While Mr Potter said the outlook for most iron ore producers was “dire”, he painted a very upbeat picture of the two biggest produces, BHP Billiton and Rio Tinto.

“BHP and Rio are actually making very good margins at current prices. BHP just commented that cash costs are going down to $15 a tonne. When you add royalties and transport, you’re sitting at $25 to $30 a tonne.

“So they’re making even margins of maybe 50 per cent on current prices. Rio is something similar. These margins are the best margins in any of their portfolio. There’s no other commodity in their portfolio that makes better margins than that.”

He said that with such impressive margins, BHP and Rio “should be spending all of their cap ex on iron ore”.

“Historically, the iron ore business for both those companies has been the best margin business in the long term. So even ignoring this demand shock we had from China over the last 10 years, long-term it’s had the best margins.”

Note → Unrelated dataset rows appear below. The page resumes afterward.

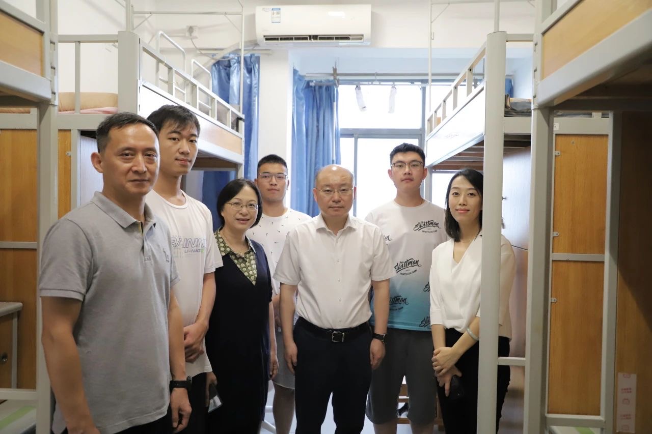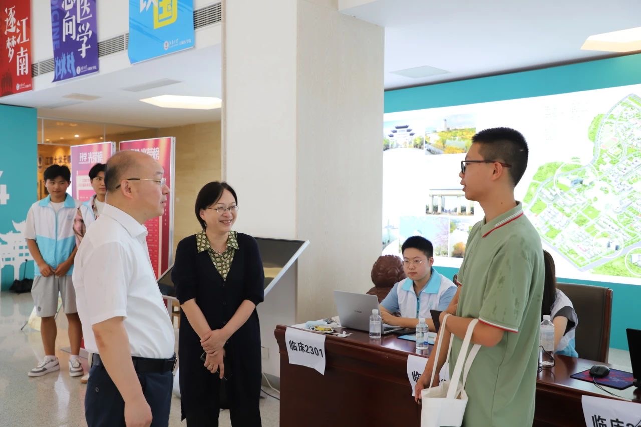 教授黄亿、韩甦和辅导员李奈夏、鲁钦正老师等亲临报到现场,并走访新生宿舍,亲切慰问新生入学情况。“同学,你来自哪里?”“对宿舍还满意吗?”“为什么选择学医,是家里也有亲人学医吗?”领导们与新生亲切交流,并对不同学科专业的学生均给予了有针对性的科研学习建议,鼓励同学们要学会利用学院和医院双平台,做好学习规划,加强科研攻关,以积极的心态迎接大学生活,在崭新的医学道路上行稳致远。
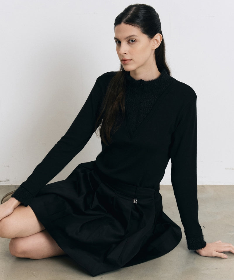 This refined knit tee features luxurious fur accents adorning the collar and cuffs, paired with a convenient center zip for effortless styling. Crafted from supremely elastic knit fabric, it delivers exceptional warmth and comfort while the extended sleeves provide additional insulation. The innovative reversible construction offers dual aesthetic possibilities, allowing you to transition between two distinct looks with a single versatile piece.
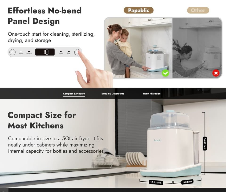 New Papablic Baby Bottle Washer Sterilizer Dryer 4-in-1
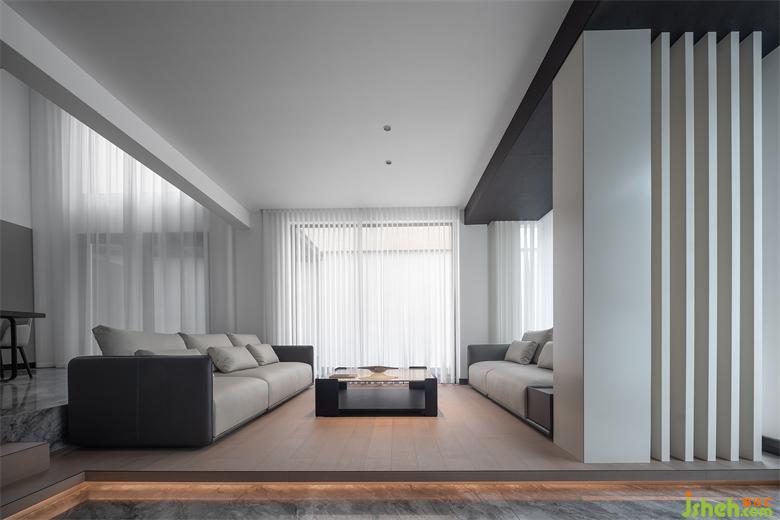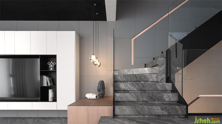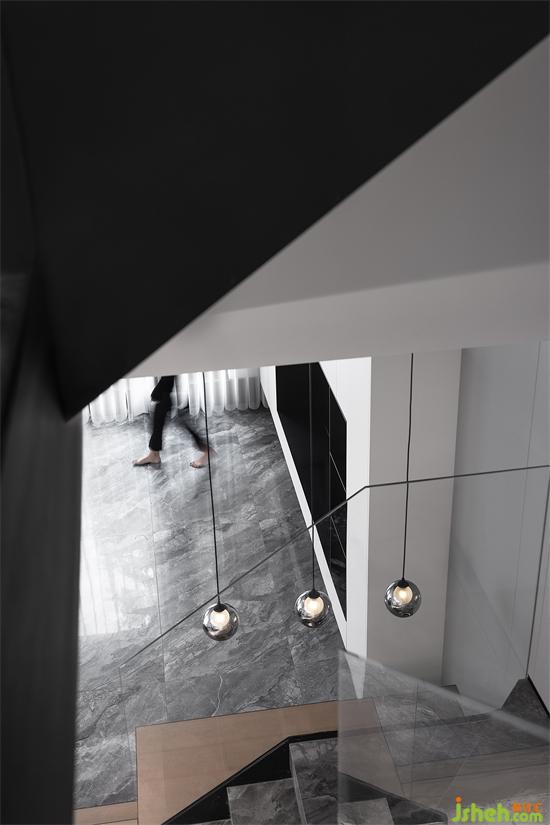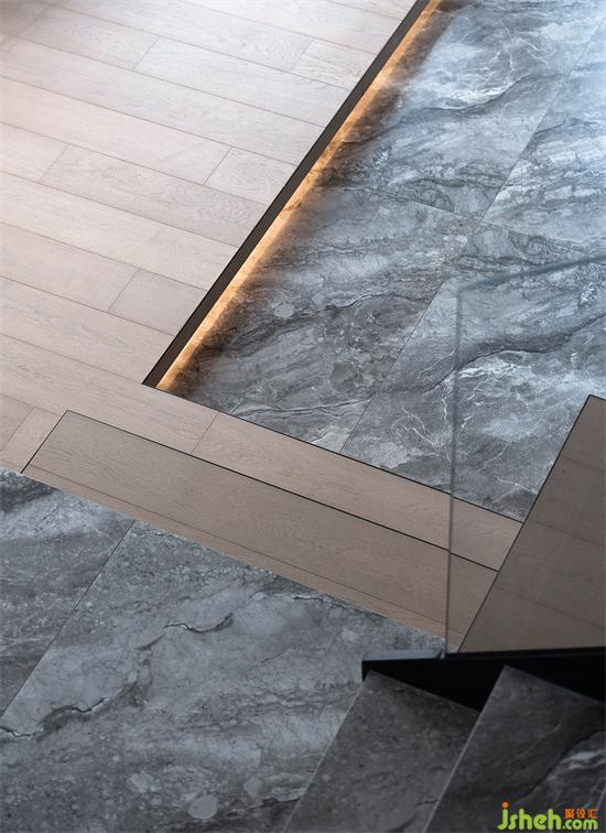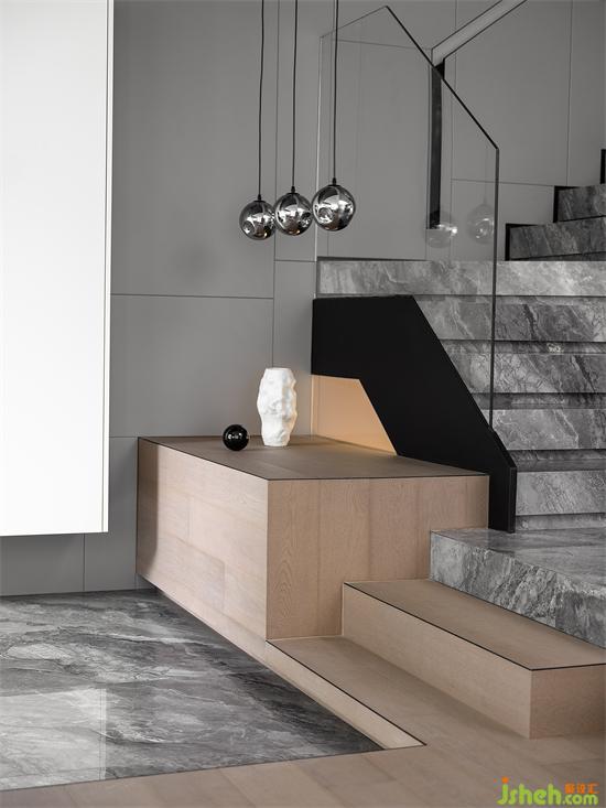 用解构的手法将空间进行了重新的区域划分,不仅仅是平面上的布局调整,也涉及到纵深层面的结构搭建。别墅设计建筑跃层的结构为空间层次的丰富性提供了更多的可能,打破楼梯的固有形态,用石头和木地板的材质冲撞把会客区做了明确的功能提炼,也为空间增添温润质感。

Fortescue’s Andrew Forrest faced intense criticism earlier this year when he suggested iron ore miners collude to pull back on production in order to lift the price.

BHP Billiton and Rio Tinto rejected this suggestion. As the world’s cheapest iron ore producers they can remain profitable in a low price environment. By keeping production levels high, they are putting intense pressure on less efficient miners.

If this pressure continues, many miners will be forced to leave the market, meaning Rio and BHP will emerge from the supply glut in an even stronger position, ready for the next upturn.